Lange, 75, had been searching for her next Broadway vehicle ever since winning a best actress Tony for “Long Day’s Journey” in 2016. “I'd go through the repertoire of parts I could still play, now that I’m at this advanced age, and I could never come up with anything I really had a passion for doing,” she explains.
That changed when she read Paula Vogel’s “Mother Play,” which is inspired by the playwright’s tumultuous upbringing and her brother’s death from AIDS. Lange had never originated a new character onstage, and was struck by the emotional complexity of Vogel’s script. Set over 50 years, the drama charts Phyllis’ journey as an eccentric, hard-drinking mom who constantly uproots her family. It ends with her as a lonely old women, having rejected her kids for being queer.
“You wonder sometimes what the trade-off is? Why would you shut out your children knowingly?” Lange says. “Hopefully families are more accepting now.”
Phyllis’ isolation comes to the fore in one haunting, roughly 10-minute sequence, as she wanders her now-empty home and makes a sad, microwaved dinner. Lange was elated to do the wordless scene, known as “the Phyllis Ballet”: Before she was an actress, she dropped out of college and trained as a mime in Paris in the early 1970s.
"It was one of the most thrilling times in my life," Lange says with a grin. “It's the only time I've ever consciously used that in a performance."

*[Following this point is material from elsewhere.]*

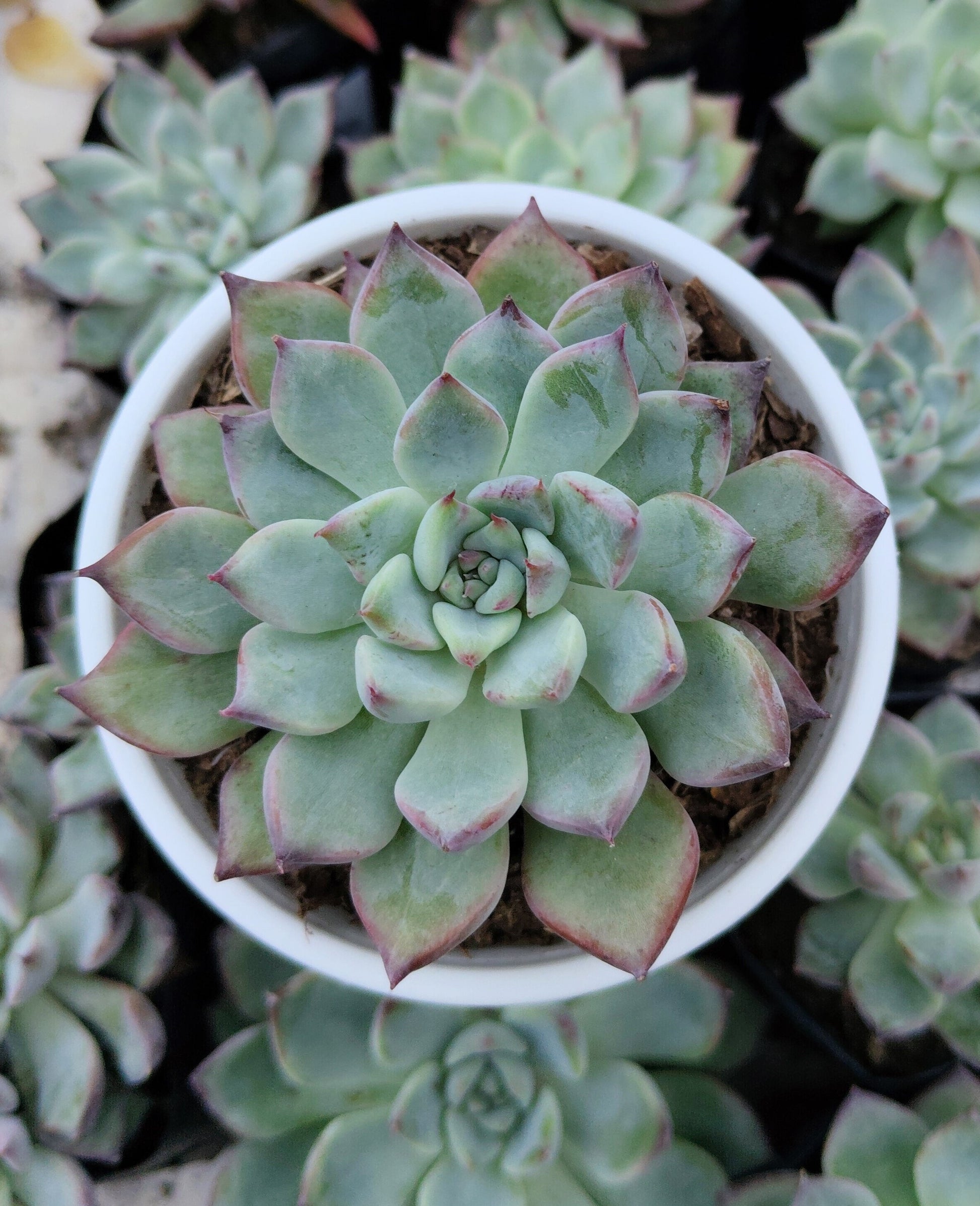 The Echeveria Apus is a stunning powdery rosette succulent admired for its soft blue-green leaves and smooth matte finish. Compact, elegant, and naturally symmetrical, it adds a refined decorative touch to desks, windowsills, planters, and indoor arrangements. This easy-care succulent thrives in bright light and minimal watering, making it a perfect match for beginners and plant lovers who appreciate clean, pastel-toned rosette varieties.

In “The Great Lillian Hall,” Lange portrays another woman confronting mortality and her shortcomings as a parent. Weeks away from mounting a Broadway revival of Anton Chekhov’s “The Cherry Orchard,” Lillian begins to experience tremors and sudden memory loss. She’s given a grim prognosis, but refuses to disclose her dementia to her loyal assistant (Kathy Bates) and daughter (Lily Rabe), who has always played second fiddle to Lillian’s career.

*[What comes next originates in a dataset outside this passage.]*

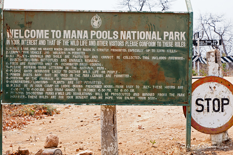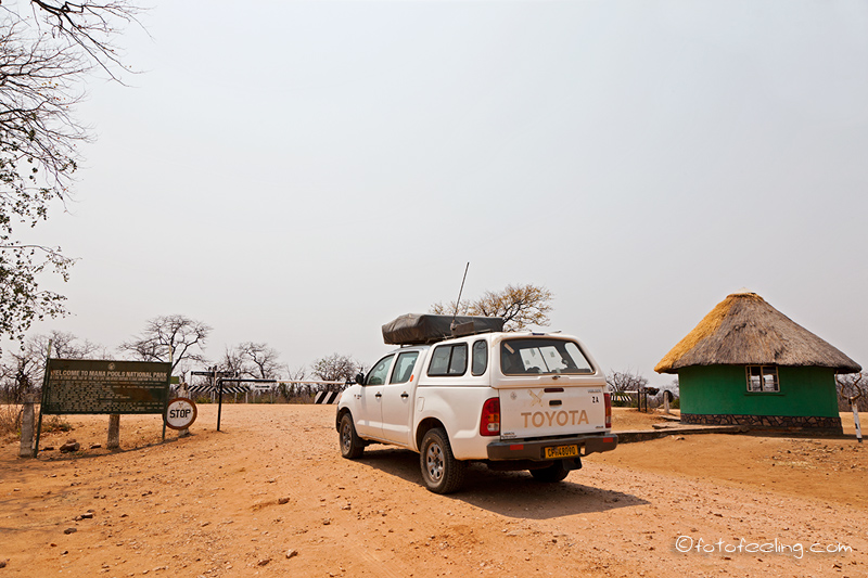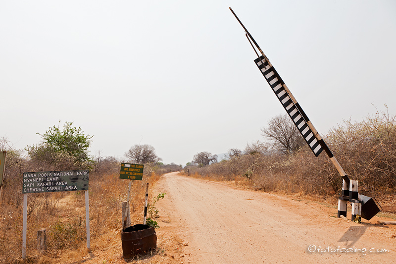 Bevor man in den Park fährt ist es notwendig sich im Zim Parks & Wildlife Office in Marongora anzumelden. Das Office befindet sich auf der Hauptstraße Makuti – Chirundu. Danach verläßt man die Hauptstraße und passiert gleich das erste Gate zum Mana Pools Nationalpark. Nach ca. 30 km überquert man über eine Brücke den Rukomeshi River. Gleich nach der Brücke erreicht man das zweite Gate, den Nyakasikane Checkpoint. Auch hier wird das Permit kontrolliert und die Ranger geben gerne Infos von anderen Touristen weiter. Nach weiteren 43 km erreicht man dann das Nyamepi Headquarters Office, wo man die Parkgebühren bzw. die Campsite bezahlen kann. Ein Vorbuchung der Campsite ist in der Hauptsaison, bzw. in der Ferienzeit der Südafrikaner dringend zu empfehlen!

“I’m very fortunate that I haven’t experienced any of that kind of dementia in my family,” says Lange, who consulted with doctors on the nuances of how Lillian might move and speak. Plus, "I'll never get to do ‘The Cherry Orchard,’ so this was my opportunity to dip into the Chekhov pond.”
The project reunites the actress with Bates and Rabe after Ryan Murphy’s “American Horror Story.” Lange starred in four seasons of the long-running FX series, earning an Emmy and a Golden Globe for her delicious, scenery-chewing turns. She has not watched the latest iteration with Kim Kardashian. (“No, no,” she says with a wave. “I haven’t followed it at all.”) But she looks back with particular fondness on “Freak Show,” her favorite of the show’s anthology stories.
Cont’d.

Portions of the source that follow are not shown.